Zhang Yi menuutup matanya, kemunculan angin peri tulang itu benar-benar memberi para murid Dizong rasa penindasan yang tidak bisa dijelaskan.
"Aku akan meminta petunjuk dari Tetua Agung. Kakak Zhang, tolong tunggu sebentar."
Murid Dizong takut menyinggung Zhang Yi, jadi mereka tidak berani berbicara dengan keras.
Segera, berita bahwa Zhang Yi datang ke Dizong untuk membranehas Taoisme menyebabkan gempa bumi di Dizong. Semua murid berkumpul di sekitar gerbang gunung, dan lebih banyak orang ingin melihat sikap Zhang Yi.
"Sangat nyaman untuk keluar dengan kakak senior."
Zhang Luoyan menikmati perasaan dari semua perhatian, dan tanpa sadar menghentikan dadanya, wajahnya yang gemuk penuh dengan kebanggaan.
"Jun Chenxiang, jika aku bertemu denganmu hari ini, yang lama dan yang baru akan dihitung bersama!"
Mata Zhang Luoyan terus memindai kerumunan, seolah mencari seseorang.
"Apakah ini kakak laki-laki Daozong yang legendis?

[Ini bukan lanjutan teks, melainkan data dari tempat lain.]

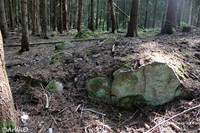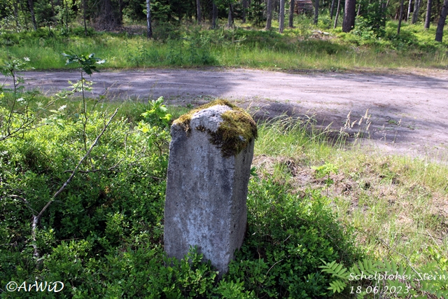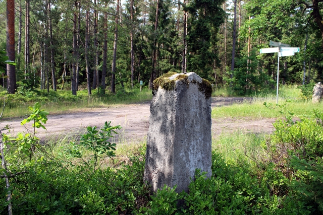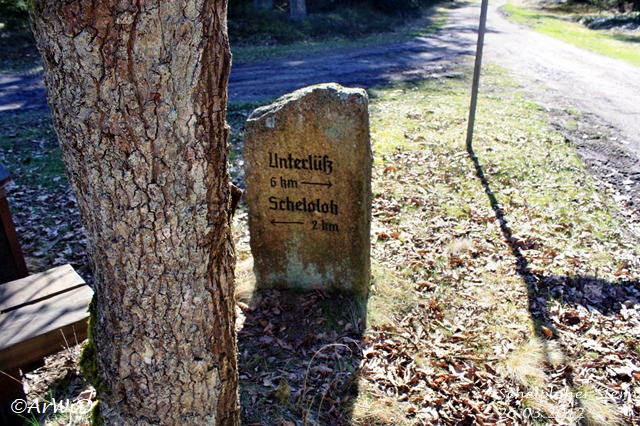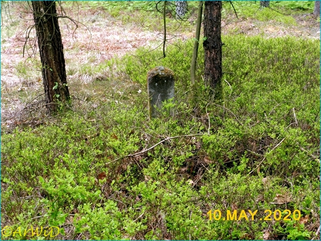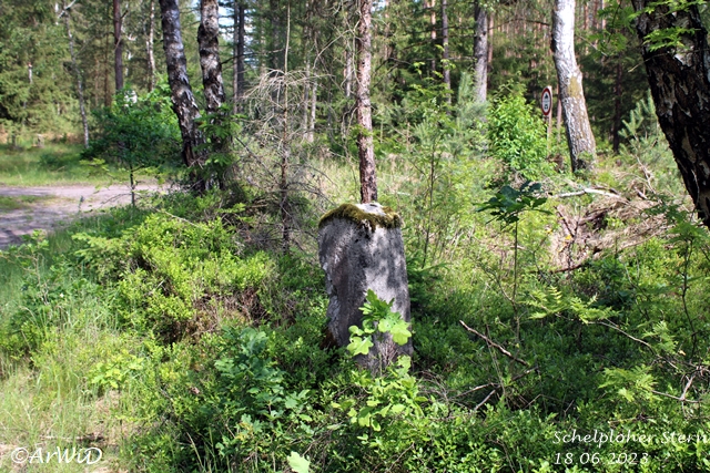 Aus diesen Grund steht neben des Radwanderwegweisers des ADFC auf der Hauptkreuzung, dem steinener Wegweiser am Rastpaltz auch noch am Rande des Kreuzung im Waldrand die zum Jadgschloss gehörende nicht mehr lesbare Stele auf den UTM-Koordinaten 32 U 589704 5850303.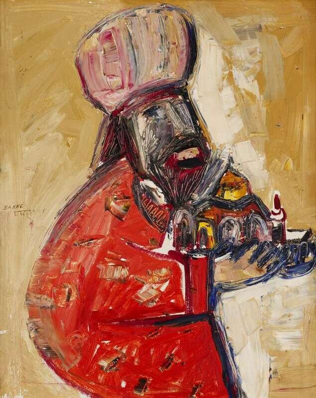 Signed and dated 1958 in Devanagari at center left and again verso, also signed 'BAKRE' at center left and 'S.K. Bakre' in ink verso, oil on masonite

Sungguh menakjubkan!"
"Bagaimana bisa ada orang yang begitu sempurna di dunia ini? ?"
"Hush, Tetua Agung ada di sini!"
Banyak murid perempuan memandang Zhang Yi dengan wajah nympho, diikuti oleh Taois Qinglian Yu Kong, diskusi tentang Zhang Yi berangsur-angsur mereda, tetapi mata mereka masih panas.
"Hei, keponakan Zhang, kamu dan aku baru saja berpisah kemarin, jadi kamu tidak sabar untuk bertemu paman ?!"
Taois Qinglian menuutupi mulutnya, matanya bersinar dengan cahaya menawan, dia cekikikan, setiap cemberut dan senyuman penuh pesona.
"Taois Qinglian, tolong hargai dirimu sendiri!"
__ADS_1
Zhang Yi menelan ludah, dan sosok Yueyao terus muncul di benaknya, nadanya dingin, dan wajahnya masih acuh tak acuh berada ribuan mil jauhnya.